One image taken in 2019 of the top of Huascarán, the highest tropical mountain in the world, shows ice retreating upslope and exposing the rock beneath. Analyses performed by researchers at the University of Colorado showed that the area of the glacier ice on top of that mountain decreased by nearly 19% from 1970 to 2003. In 2020, the surface area of the Quelccaya Ice Cap, the second-largest glaciated area in the tropics, had decreased by 46% from 1976, the year Thompson drilled the first ice core from its summit.

Around the time of Thompson’s first expedition, NASA launched the first version of its Landsat mission. Landsat is a collection of satellites that photograph Earth’s surface and has been in operation in various forms since 1972. It offers the longest continuous space-based record of Earth’s land, ice and water.

“We are in this unique position where we have ice core records from these mountaintops, and Landsat has these detailed images of the glaciers, and if we combine those two data sets, we see clearly what is happening,” Thompson said.

 

Glaciers in the tropics respond more quickly to climate change and as they exist in the warmest areas of the world, they can survive only at very high altitudes where the climate is colder. Before Earth’s atmosphere warmed, the precipitation there fell as snow. Now, much of it falls as rain that causes the existing ice to melt even faster.

“You’re not sustaining the ice at the highest elevations anymore,” said co-author Christopher Shuman, associate research professor at the University of Maryland-Baltimore County and associate research scientist at NASA Goddard Space Flight Center in Maryland. “It’s this interplay between the warm air lower down melting away the margins of the ice fields while the very highest elevations are still cold enough to get a certain amount of snowfall, but not enough to sustain the ice cap to the dimensions it once was.”

That could have profound repercussions for people who live near those glaciers.

The study details the story of one community near the Quelccaya Ice Cap, and the aftermath of a flood caused by massive amounts of ice that fell from the glacier into a nearby glacial lake. The flood destroyed fields that one farming family had spent years cultivating and so frightened the family that they moved four hours away from the community to start a new life in the city.

In Papua New Guinea, the ice has cultural significance for many of the indigenous people who live near the ice fields, as they consider the ice to be the head of their god. Thompson believes the ice fields there will disappear entirely within two or three years.

It is too late for those glaciers, Thompson said, but not too late to attempt to slow the amount of carbon dioxide and other greenhouse gases emitted into the atmosphere, which are causing the planet to warm.

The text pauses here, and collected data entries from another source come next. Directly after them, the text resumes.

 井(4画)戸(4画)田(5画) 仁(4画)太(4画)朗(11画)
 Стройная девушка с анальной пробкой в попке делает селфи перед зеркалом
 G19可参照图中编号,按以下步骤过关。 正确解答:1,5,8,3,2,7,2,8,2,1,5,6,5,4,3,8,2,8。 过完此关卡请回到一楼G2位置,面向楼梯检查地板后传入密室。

“The science doesn’t change the trajectory we’re on — regardless of how clear the science is, we need something to happen to change that trajectory,” he said.

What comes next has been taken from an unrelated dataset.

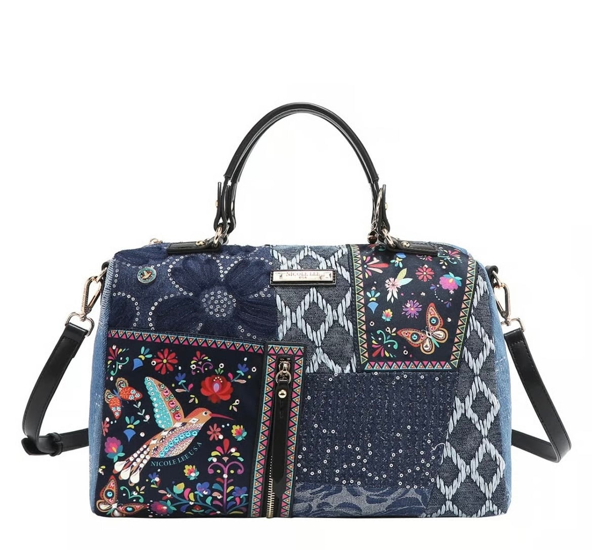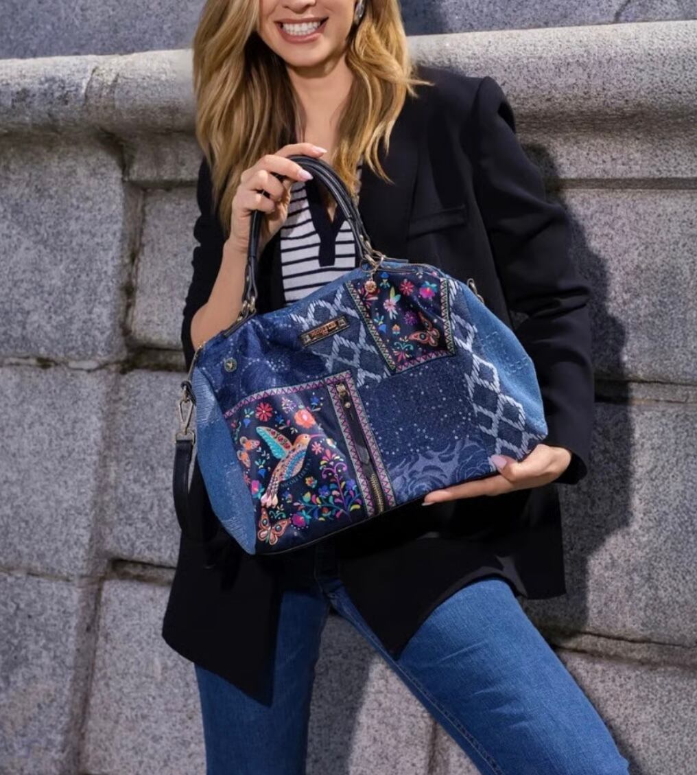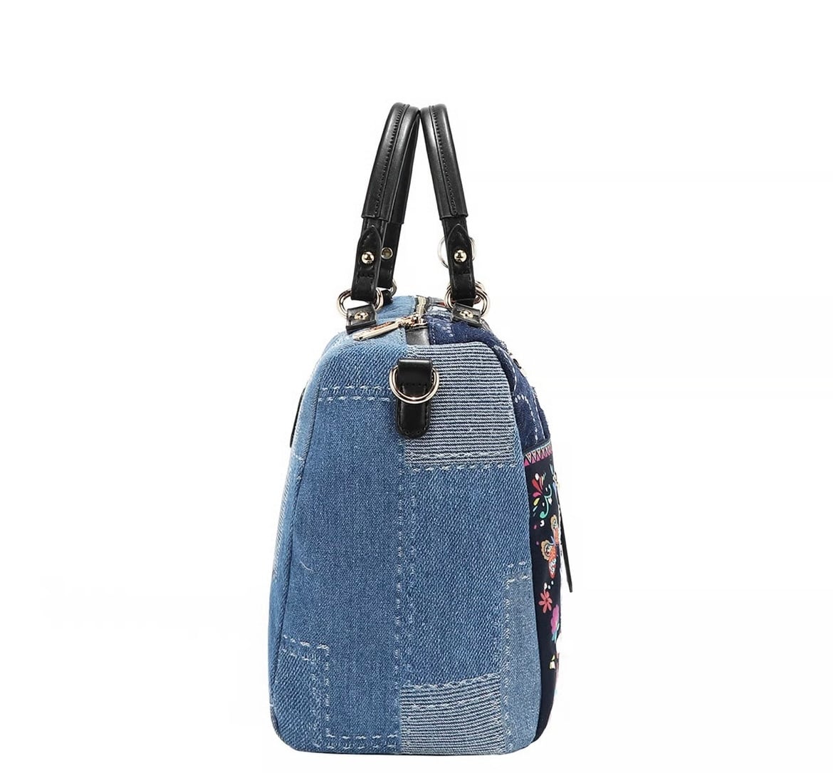 Let your look tell a story with the "Bosque de Amor" Denim Boston Bag a mystical touch for bold, boho-chic souls.

Other Byrd Center researchers who collaborated on this study include Mary E. Davis, Ellen Mosley-Thompson, and Stacy Porter. Peruvian scientist Gustavo Valdivia Corrales contributed research from the Andes, and Compton J. Tucker of NASA collaborated on satellite imagery. Ice core drilling expeditions were supported by the National Science Foundation and the National Oceanic and Atmospheric Administration. Ethnographic fieldwork in Peru was supported in part by Johns Hopkins University.